Design Tutorial: Inverse the Problem

问题描述

There is an easy way to obtain a new task from an old one called "Inverse the problem": we give an output of the original task, and ask to generate an input, such that solution to the original problem will produce the output we provided. The hard task of Topcoder Open 2014 Round 2C, InverseRMQ, is a good example.

Now let's create a task this way. We will use the task: you are given a tree, please calculate the distance between any pair of its nodes. Yes, it is very easy, but the inverse version is a bit harder: you are given an n × n distance matrix. Determine if it is the distance matrix of a weighted tree (all weights must be positive integers).

题目大意：给你一个n*n的矩阵，表示一棵树上任意两点间的距离，问是否存在满足要求的树。

输入格式

The first line contains an integer n (1 ≤ n ≤ 2000) — the number of nodes in that graph.

Then next n lines each contains n integers d_i, j (0 ≤ d_i, j ≤ 10⁹) — the distance between node i and node j.

输出格式

If there exists such a tree, output "YES", otherwise output "NO"。

样例输入

3
0 2 7
2 0 9
7 9 0

3
1 2 7
2 0 9
7 9 0

3
0 2 2
7 0 9
7 9 0

3
0 1 1
1 0 1
1 1 0

2
0 0
0 0

样例输出

YES

题解

设矩阵为a[i][j] ，如果存在满足要求的树，那么树上任意两点间的距离是唯一的，且任意两个不重合的点距离不为0，一个点到自己的距离必为0。即a[i][j]==a[j][i]，a[i][i]==0,a[i][j]!=a[j][i](i!=j),这三个条件有一个不满足就输出“NO”。

排除以上三种情况后，用矩阵建图，求该图的最小生成树，在判断树上任意两点距离是否和矩阵相符。

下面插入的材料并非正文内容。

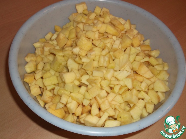 Яблоки помыть, почистить, освободить от семенной коробки и нарезать кубиками.
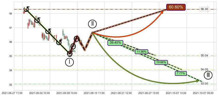 ➢ 循环浪继续向下【最低】位置(10-07:09, 53.05),匹配聚类样本比例19.74%, 可能性概率7.77%
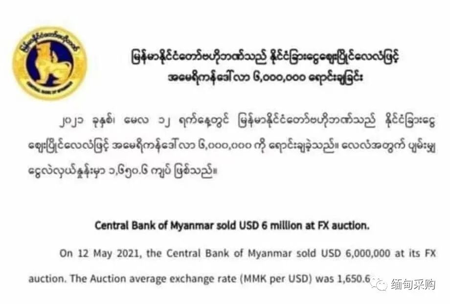当地时间5月12日,缅甸央行宣布将投放六百万美元平衡市场汇率。当日缅甸央行规定的缅币汇率为1650缅币兑换1美元,但是目前实际市场汇率已经超过1700缅币兑换1美元。
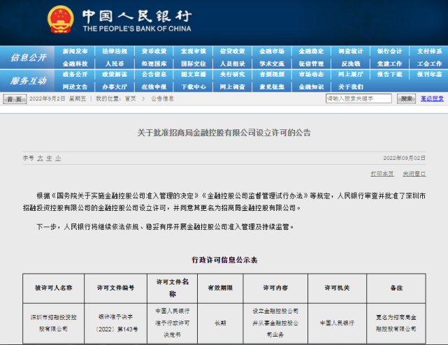 记者9月2日从中国人民银行获悉,人民银行查察并答应了深圳市招融投资控股有限公司的金融控股公司设立答应,并同意其更名为招商局金融控股有限公司。 (截图来自中国人民银行网站) 为推动金融控股公司规范发展,2020年国务院印发了《关于实行金融控股公司准入管理的决定》,人民银行也同步发布了《金融控股公司监督管理试行办法》。2022年3月,人民银行答应了中国中信金融控股有限公司(筹)和北京金融控股团体有限公司的金融控股公司设立答应。7月中旬,中国中信金融控股有限公司举行了创建大会。 人民银行表现,下一步将继承依法依规、稳妥有序开展金融控股公司准入管理及连续羁系。(记者吴雨、孙飞) |

设树上两点i,j的最近公共祖先为x，dis[i]表示i到根节点距离，那么i,j的距离为dis[i]+dis[j]-dis[x]*2。

#include <algorithm>
#include <cstdio> 
#define LL long long
struct node{
    int u,v;
    LL w;
}g[4000005];
struct note{
    int fa,nex,u;
    LL w;
}tree[4005];
int n,fa[2005],num,a[2005][2005];
int fir[2005],numt,f[2005][15],dep[2005];
LL dis[2005]; 
bool vis[2005];
bool cmp(node x,node y)
{
    return x.w<y.w;
}
void add(int x,int y,int z)
{
    g[++num].u=x;  g[num].v=y;  g[num].w=z;
    return;
}
void addtree(int x,int y,int z)
{
    tree[++numt].u=y;  tree[numt].nex=fir[x];  fir[x]=numt;
    tree[numt].fa=x;  tree[numt].w=z;
    return;
}
int find(int x)
{
    if (fa[x]==x) return x;
    return fa[x]=find(fa[x]); 
}
void Kruskal()
{
    int i,j,k,cnt=0,fu,fv;
    for (i=1;i<=n;i++)
      fa[i]=i;
    std::sort(g+1,g+num+1,cmp);
    for (i=1;i<=num;i++)
    {
        fu=find(g[i].u);  fv=find(g[i].v);
        if (fu!=fv)
        {
            fa[fv]=fu;
            addtree(g[i].u,g[i].v,g[i].w);
            addtree(g[i].v,g[i].u,g[i].w);
            cnt++;
            if (cnt==num-1) break;
        }
    }
    return;
}
void dfs(int u)
{
    int i,x,k;
    vis[u]=1;
    dep[u]=dep[f[u][0]]+1;
    for (i=1;i<=12;i++)
      f[u][i]=f[f[u][i-1]][i-1];
    for (k=fir[u];k;k=tree[k].nex)
      if (!vis[tree[k].u])
      {
          x=tree[k].u;
          dis[x]=dis[u]+tree[k].w;
          f[x][0]=u;
          dfs(x);
      }  
      return;
}
int lca(int x,int y)
{
    int i;
    if (dep[x]>dep[y])
    {
        int t=x;  x=y;  y=t;
    }
    for (i=12;i>=0;i--)
      if (dep[f[y][i]]>=dep[x])
        y=f[y][i];
    if (x==y) return x;
    for (i=12;i>=0;i--)
      if (f[x][i]!=f[y][i])
        x=f[x][i],y=f[y][i];
    return f[x][0];        
}
int main()
{
    int i,j,k;
    scanf("%d",&n);
    for (i=1;i<=n;i++)
      for (j=1;j<=n;j++)
        scanf("%d",&a[i][j]);
    for (i=1;i<=n;i++)
      if (a[i][i]!=0)
      {
          printf("NO");
          return 0;
      }    
    for (i=1;i<=n;i++)
      for (j=1;j<=n;j++)
        if (i!=j)
          if (a[i][j]!=a[j][i] || a[i][j]==0)
          {
              printf("NO");
              return 0;
          }  
    for (i=1;i<=n;i++)
      for (j=1;j<i;j++)
        add(i,j,a[i][j]);
    Kruskal();
    dfs(1);
    int x;
    for (i=1;i<=n;i++)
      for (j=1;j<i;j++)
      {
          x=lca(i,j);
          if ((dis[i]+dis[j]-dis[x]*2)!=a[i][j])
          {
              printf("NO");
              return 0;
        }
      }
    printf("YES");  
    return 0;          
}